>>>>>

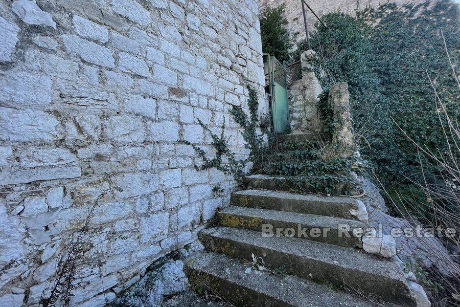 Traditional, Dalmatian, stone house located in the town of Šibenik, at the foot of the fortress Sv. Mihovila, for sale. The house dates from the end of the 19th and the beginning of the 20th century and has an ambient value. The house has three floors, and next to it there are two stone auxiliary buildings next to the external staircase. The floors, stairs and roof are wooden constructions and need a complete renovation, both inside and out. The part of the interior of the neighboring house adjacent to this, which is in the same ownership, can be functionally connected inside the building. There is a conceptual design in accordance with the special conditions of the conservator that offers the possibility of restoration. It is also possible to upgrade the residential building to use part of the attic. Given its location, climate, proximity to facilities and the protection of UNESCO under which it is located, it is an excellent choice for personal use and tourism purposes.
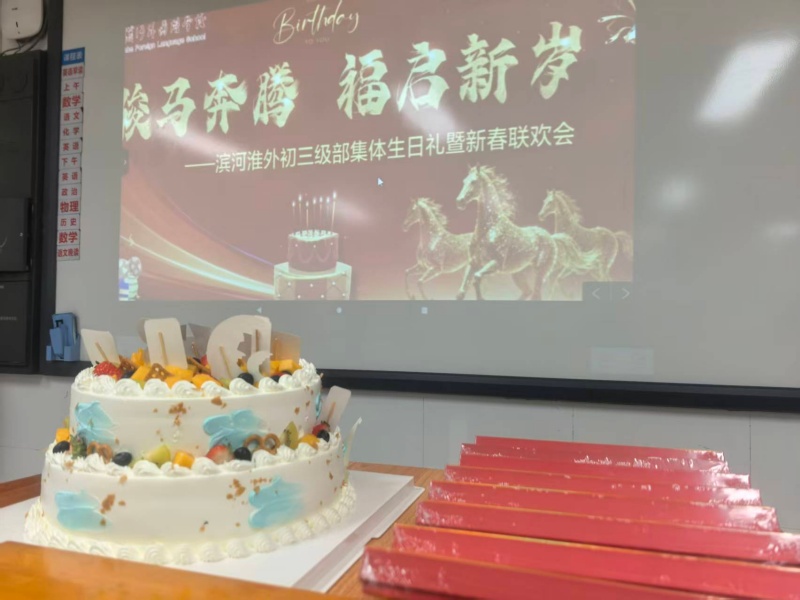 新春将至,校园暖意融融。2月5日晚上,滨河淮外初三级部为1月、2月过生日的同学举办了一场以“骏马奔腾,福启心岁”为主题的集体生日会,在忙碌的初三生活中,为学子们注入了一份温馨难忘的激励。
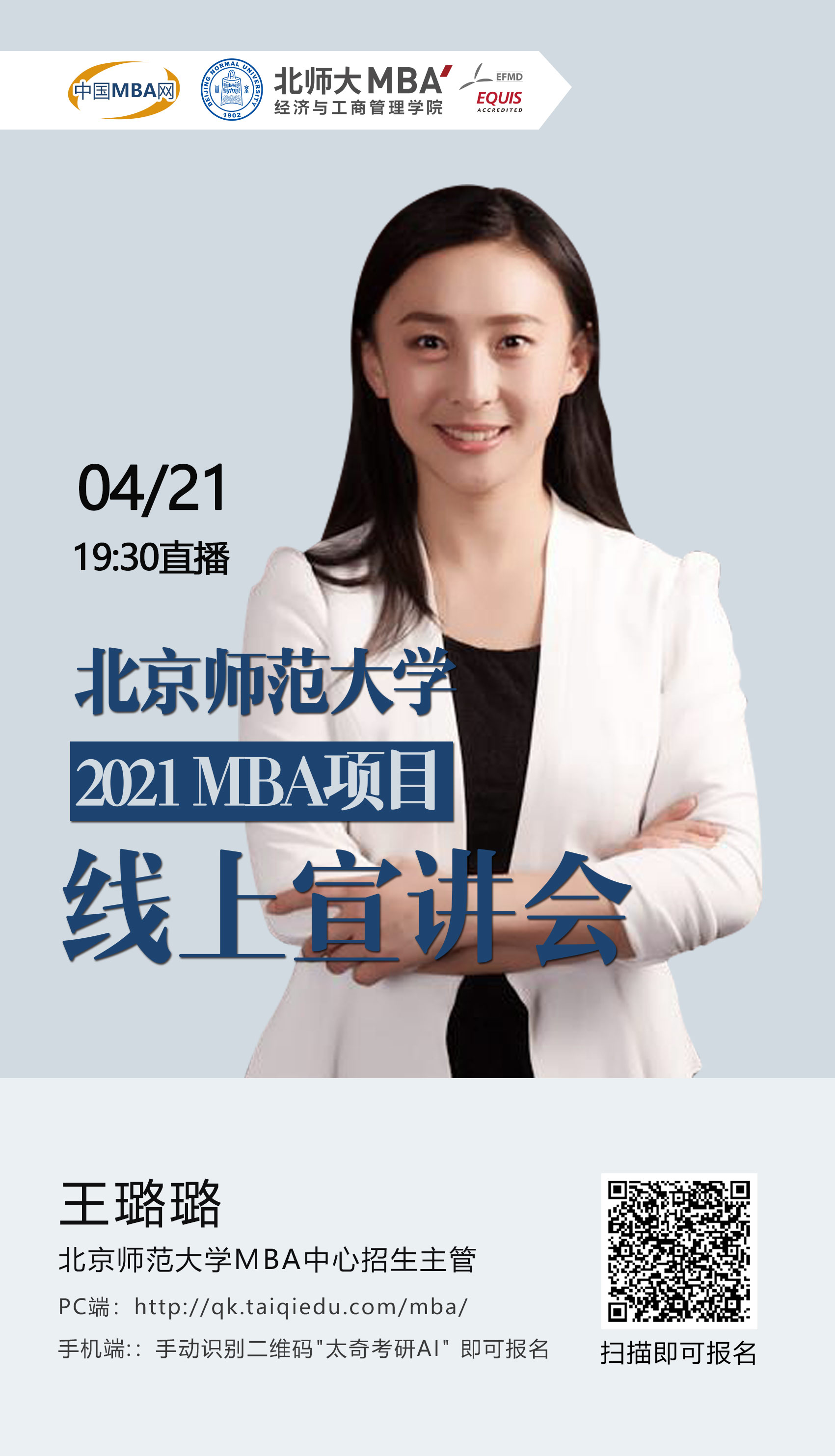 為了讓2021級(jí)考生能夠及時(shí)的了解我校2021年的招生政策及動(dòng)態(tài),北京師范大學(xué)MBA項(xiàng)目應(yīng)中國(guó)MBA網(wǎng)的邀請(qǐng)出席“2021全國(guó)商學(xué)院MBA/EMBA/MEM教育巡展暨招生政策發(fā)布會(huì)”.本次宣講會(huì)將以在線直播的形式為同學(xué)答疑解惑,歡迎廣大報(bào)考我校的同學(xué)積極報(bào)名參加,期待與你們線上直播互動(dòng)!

<<<<<

Repeat exactly the lines from the one containing "新春将至,校园暖意融融。2月" to the last line of the data above, both included, and write no pictures into the copy.

**REPLY:**
 新春将至,校园暖意融融。2月5日晚上,滨河淮外初三级部为1月、2月过生日的同学举办了一场以“骏马奔腾,福启心岁”为主题的集体生日会,在忙碌的初三生活中,为学子们注入了一份温馨难忘的激励。
 為了讓2021級(jí)考生能夠及時(shí)的了解我校2021年的招生政策及動(dòng)態(tài),北京師范大學(xué)MBA項(xiàng)目應(yīng)中國(guó)MBA網(wǎng)的邀請(qǐng)出席“2021全國(guó)商學(xué)院MBA/EMBA/MEM教育巡展暨招生政策發(fā)布會(huì)”.本次宣講會(huì)將以在線直播的形式為同學(xué)答疑解惑,歡迎廣大報(bào)考我校的同學(xué)積極報(bào)名參加,期待與你們線上直播互動(dòng)!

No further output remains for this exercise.